Proteolysis targeted chimera (PROTAC) is a rapidly developed technology in recent years, which provides the possibility for many undruggable targets, and has become the focus of protein drug researchers.
Hematologic malignancies are cancers that affect the blood, bone marrow, and lymph nodes. Some target proteins such as BCL-XL, MDM2 and MALT1 in hematological malignant diseases are also difficult to become drugs. PROTAC technology provides a new strategy for drug development of these diseases. This paper briefly summarizes the research progress of protac in T-cell lymphoma and T-cell lymphoma.
Research of Protac on T-cell Lymphoma
Bcl-2 gene (B-cell lymphoma/eukemia-2 gene) is a kind of oncogene, which can obviously inhibit apoptosis and is one of the most important oncogenes in the study of apoptosis.
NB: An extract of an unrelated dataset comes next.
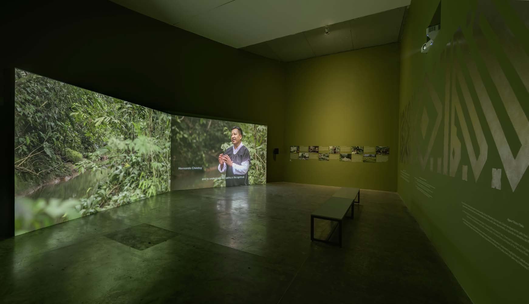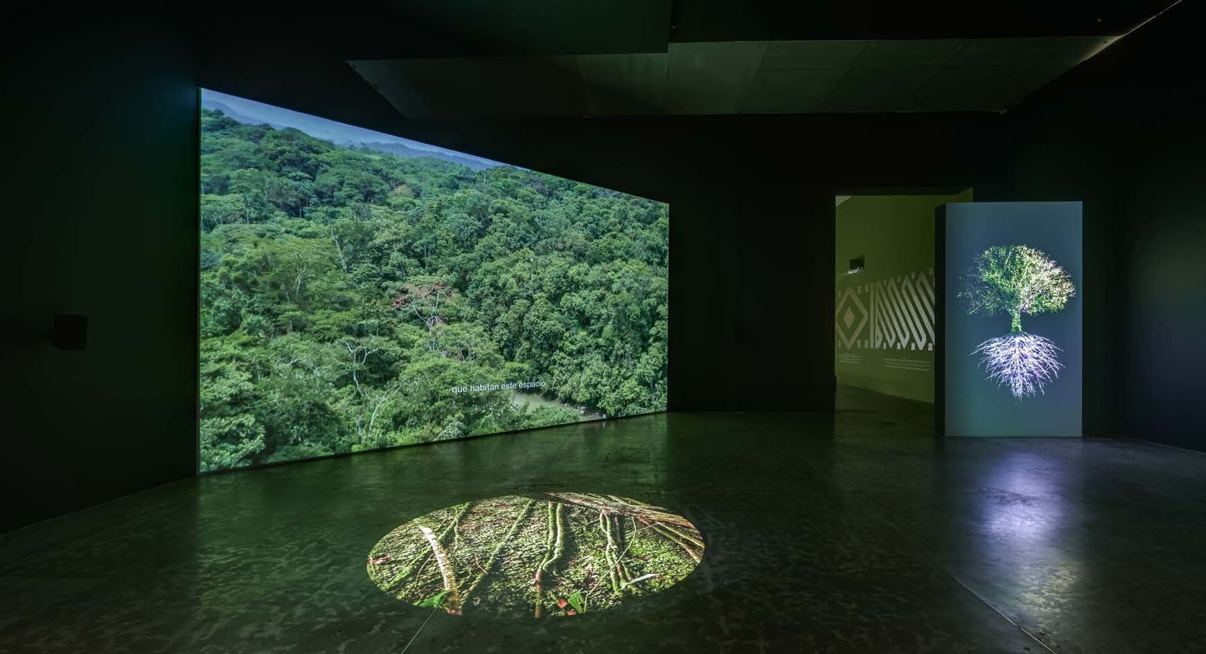 Las proyecciones de gran formato muestran imágenes aéreas de enormes extensiones de selvas espesas, con sutiles movimientos apenas perceptibles atraen la mirada curiosa que se deja cautivar por imágenes e historias vividas en esos territorios. La escala de las proyecciones interpela a la persona visitante, pero no sólo por la dimensión, sino también por los recursos de las voces de quienes, con sus testimonios y reflexiones, nos acompañan en el recorrido. Esto da la idea de que se busca potenciar estrategias que impliquen el cuerpo y la reflexión, para introducirlos al mundo místico de la naturaleza. Esta propuesta lleva a la corporalidad de la persona observadora a situarse entre lo macro y lo micro del mundo expuesto.

Anti-apoptotic proteins such as BCL-2, BCL-XL and MCL-1 are considered to be target proteins for malignant hematological diseases to avoid apoptosis. Recently, it has been found that most cutaneous and peripheral T-cell lymphoma (TCL) cell lines, patient-derived xenografts and major patient samples depend on BCL-XL for survival. These results suggest that targeted inhibition of BCL-XL has therapeutic value in some patients with TCL. Currently available small molecular BCL-XL inhibitors fail in clinical development due to thrombocytopenia caused by targeted toxicity. To overcome this toxicity, the research team of the Department of Pharmaceutical Sciences at the University of Arkansas developed DT2216, a BCL-XL-targeted PROTAC, ligase to VHL E3 ligase for proteasome degradation. VHL ligases are chosen because platelets express low levels of VHL, indicating that they are immune to the pro-apoptotic effect of DT2216.
Through MTS analysis, immunoblotting and flow cytometry, the team tested the therapeutic potential of DT2216 on TCL cell lines and TCL xenograft mice. The results showed that DT2216 targeting BCL-XL could selectively kill BCL-XL-dependent TCL cells without obvious platelet toxicity. In addition, DT2216 combined with inhibitors targeting other anti-apoptotic BCL-2 family proteins may have a wide range of therapeutic effects on a variety of TCL types and other BCL-XL-dependent cancers.
Research of Protac on T-cell Acute Lymphoblastic Leukaemia
T-ALL is a malignant hematological disease originating from the precursors of immature T cells. Previous studies have found that T-ALL (except for early T cell precursor ALL) is dependent on BCL-XL. However, the targeted toxicity of BCL-XL specific inhibitors to thrombocytopenia limits its application in acute leukemia.
The team from the MD Anderson Cancer Center analyzed the preclinical efficacy of DT2216 in T-ALL cell lines in vitro and in vivo T-ALL patient-derived xenotransplantation (PDX) models. The results showed that T-ALL cells were functionally dependent on BCL-XL and highly sensitive to DT2216, while B-ALL mainly depended on BCL-2, is response to BCL-2 inhibitors such as ABT-199. In T-ALL PDX model, DT2216, alone, especially combined chemotherapy, can reduce the burden of leukemia and prolong the survival time. It is suggested that DT2216 targeted BCL-XL is an efficient and safe adjuvant therapy in T-ALL.